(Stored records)
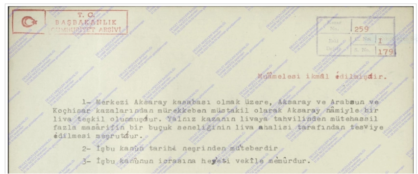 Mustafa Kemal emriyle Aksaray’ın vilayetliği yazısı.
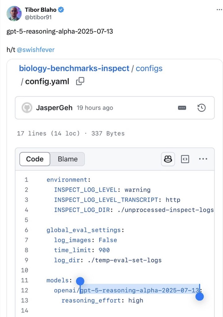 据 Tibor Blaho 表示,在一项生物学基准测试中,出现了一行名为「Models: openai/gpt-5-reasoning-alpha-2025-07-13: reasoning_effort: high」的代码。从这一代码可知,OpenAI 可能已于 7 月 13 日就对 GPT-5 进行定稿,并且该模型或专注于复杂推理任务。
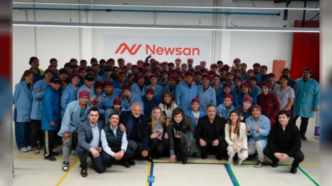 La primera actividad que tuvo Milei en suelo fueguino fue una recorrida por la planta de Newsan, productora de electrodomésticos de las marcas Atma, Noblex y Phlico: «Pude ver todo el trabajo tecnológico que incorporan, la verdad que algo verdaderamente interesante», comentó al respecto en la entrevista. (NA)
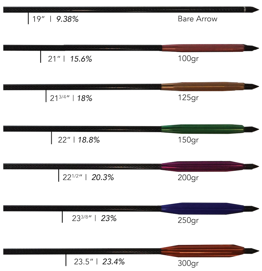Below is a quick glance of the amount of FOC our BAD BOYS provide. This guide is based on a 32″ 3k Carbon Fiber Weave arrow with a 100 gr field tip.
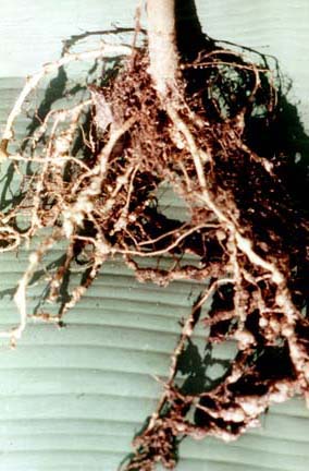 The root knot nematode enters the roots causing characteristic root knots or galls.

--- Activity ---
The answer must consist solely of the lines from the first line of the data through the line containing "据 Tibor Blaho", inclusive, reproduced exactly and without pictures.

--- Exercise output ---
 Mustafa Kemal emriyle Aksaray’ın vilayetliği yazısı.
 据 Tibor Blaho 表示,在一项生物学基准测试中,出现了一行名为「Models: openai/gpt-5-reasoning-alpha-2025-07-13: reasoning_effort: high」的代码。从这一代码可知,OpenAI 可能已于 7 月 13 日就对 GPT-5 进行定稿,并且该模型或专注于复杂推理任务。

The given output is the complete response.